▶ _TASK DIRECTIONS_:
Exclude all pictures from your copy of the data below, which should otherwise match exactly.
DATA PROVIDED START
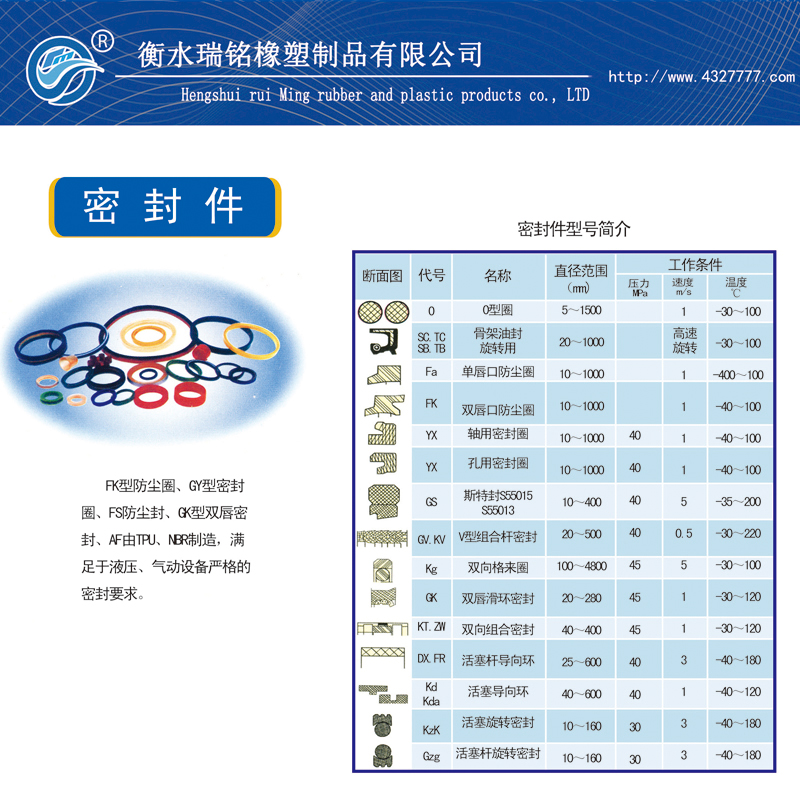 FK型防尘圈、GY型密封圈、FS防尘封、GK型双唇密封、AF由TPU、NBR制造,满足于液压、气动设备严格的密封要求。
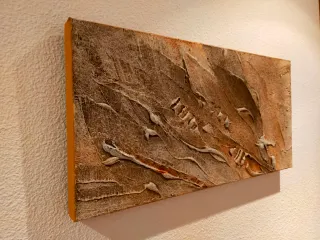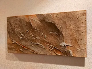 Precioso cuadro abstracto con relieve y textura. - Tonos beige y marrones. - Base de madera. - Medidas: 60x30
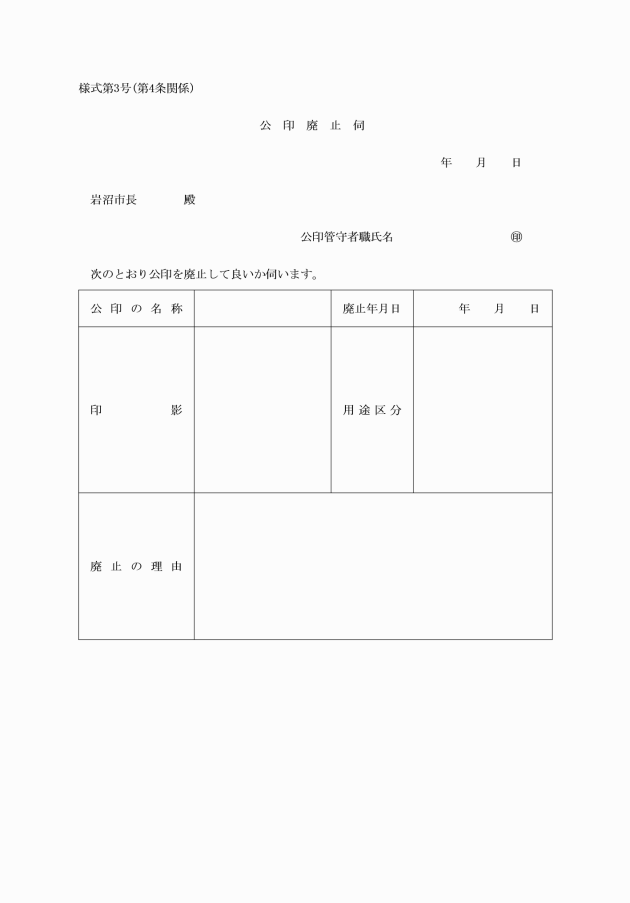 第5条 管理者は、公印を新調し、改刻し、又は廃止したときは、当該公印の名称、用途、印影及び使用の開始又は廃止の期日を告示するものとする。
DATA PROVIDED END
▶ _FINAL ANSWER_:
 FK型防尘圈、GY型密封圈、FS防尘封、GK型双唇密封、AF由TPU、NBR制造,满足于液压、气动设备严格的密封要求。
 Precioso cuadro abstracto con relieve y textura. - Tonos beige y marrones. - Base de madera. - Medidas: 60x30
 第5条 管理者は、公印を新調し、改刻し、又は廃止したときは、当該公印の名称、用途、印影及び使用の開始又は廃止の期日を告示するものとする。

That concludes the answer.